Friday, September 16, 2011
Five Questions-- Daddy
My Dad was a Soldier, though for a short period of time before my birth, but his stories still created a framework for my childhood. When I was in fourth grade, he met and soon married my stepmother who served in the Active Air Guard. I admittedly do not know many male spouses of military members, but I'd love to get their perspective on what it's like to be married to a military member. The fact that my Dad once wore the uniform himself gives him a different view of things as well.
Thank you, Dad. (Yes, it helped.)
1. What are some things you know now about military life that you wish someone had told you?
* I had never thought how hard it would be to watch instead of participate.
* I never saw that life as a female service member could be so threatening.
* Most things remain the same, but the real life adventures go on.
2. What is the most important thing you'd like to tell new spouses?
Get ready for the most frustrating, sometimes lonely, bureaucratic lifestyle you can imagine. Then watch it be even worse at times.
3. What do/did you love the most?
That same bureaucratic lifestyle can be among the most warming.
4. What do/did you find the hardest?
The helplessness that comes of being on the sidelines and effectively a non-entity to that same bureaucracy.
5. Tell me a story that sums up military life for you.
As much as I thought I understood military life, and loved it, I had never experienced it as my wife did.
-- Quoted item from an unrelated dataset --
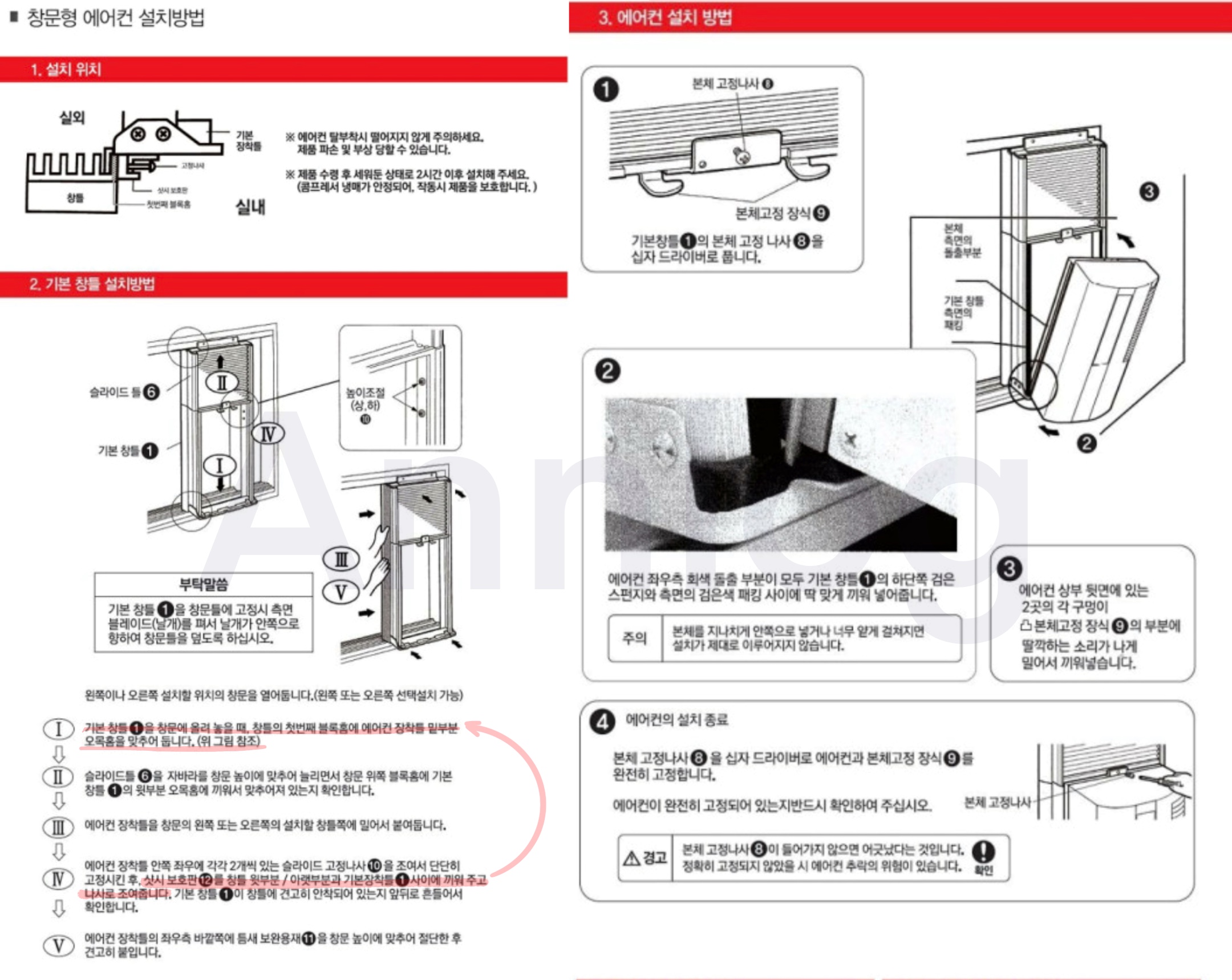 신일 창문형 에어컨(인버터형) 설치 방법 / 나무창틀 설치 주의사항
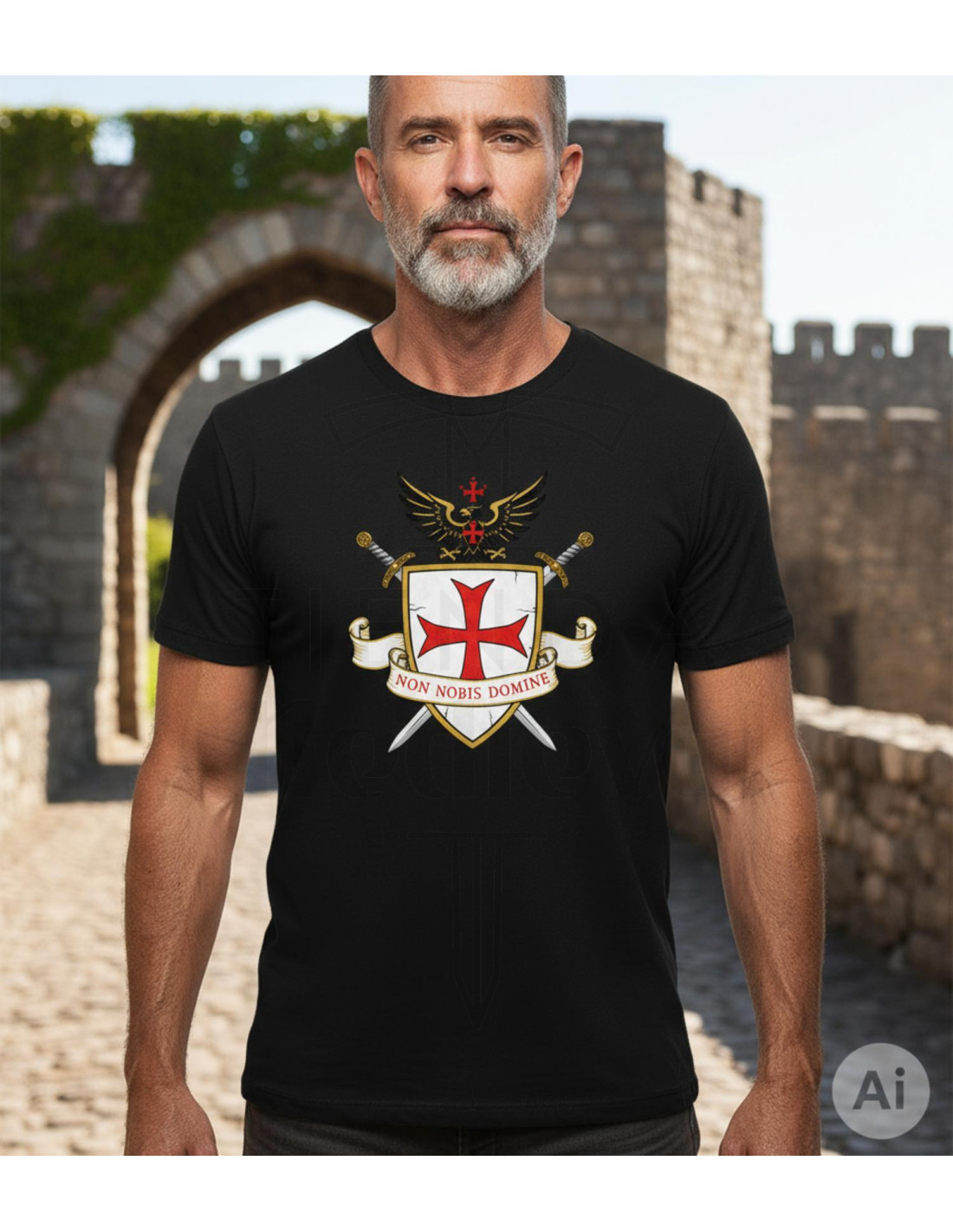 Projetada para quem busca conforto e personalidade, esta camiseta de algodão de malha lisa oferece um toque suave e uma queda agradável que facilita usá-la o dia todo, tanto na rotina quanto em saídas informais. A impressão digital direta integra o design Non Nobis Domine na peça sem deixar relevo, mantendo-a uniforme ao uso e resistente às lavagens.

I could not understand what she went through until I looked at her career differently.
My personal best story, for the altruistic camaraderie that always impressed me, was when I was responsible for saving a fellow soldiers life, by lying still. The fact that I took my only ride in a helicopter ‘mainlining’ my blood to another soldier proved that sometimes just being quiet can do a lot. He survived, and so did I. The main change would be in today’s world, the ‘typing’ of the blood would rely more on science than a line on a dog tag.